> GOAL OF THE EXERCISE
Everything in the listing below from the line containing "Zapatos de tacón" through the line containing "Starry sky over" must be repeated exactly; the remaining lines are not wanted.

> TASK INPUTS
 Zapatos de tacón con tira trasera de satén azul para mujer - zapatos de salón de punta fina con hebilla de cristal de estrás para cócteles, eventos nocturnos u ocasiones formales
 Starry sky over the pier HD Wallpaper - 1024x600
---
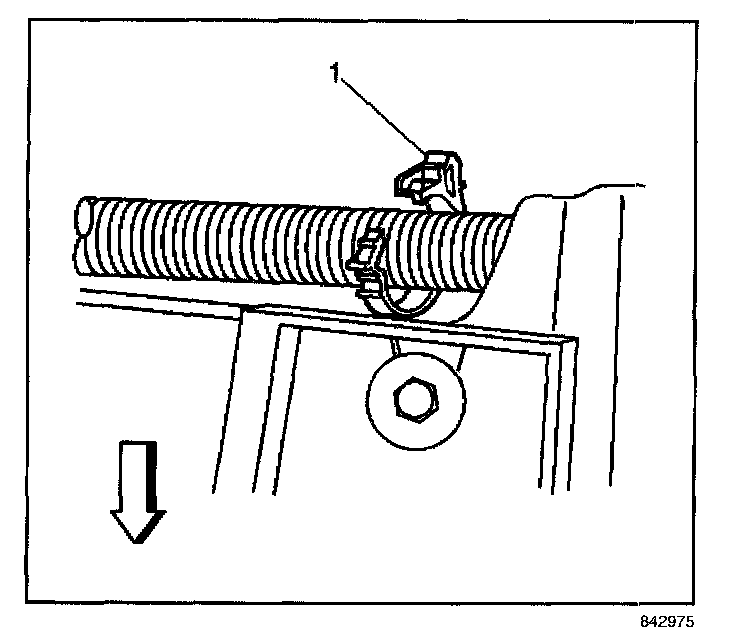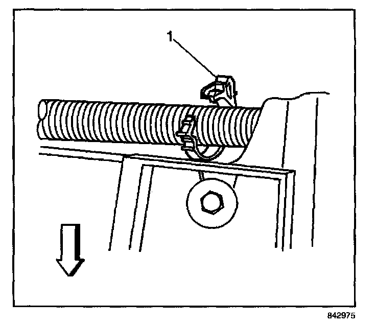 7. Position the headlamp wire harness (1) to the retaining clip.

> TASK OUTPUT
 Zapatos de tacón con tira trasera de satén azul para mujer - zapatos de salón de punta fina con hebilla de cristal de estrás para cócteles, eventos nocturnos u ocasiones formales
 Starry sky over the pier HD Wallpaper - 1024x600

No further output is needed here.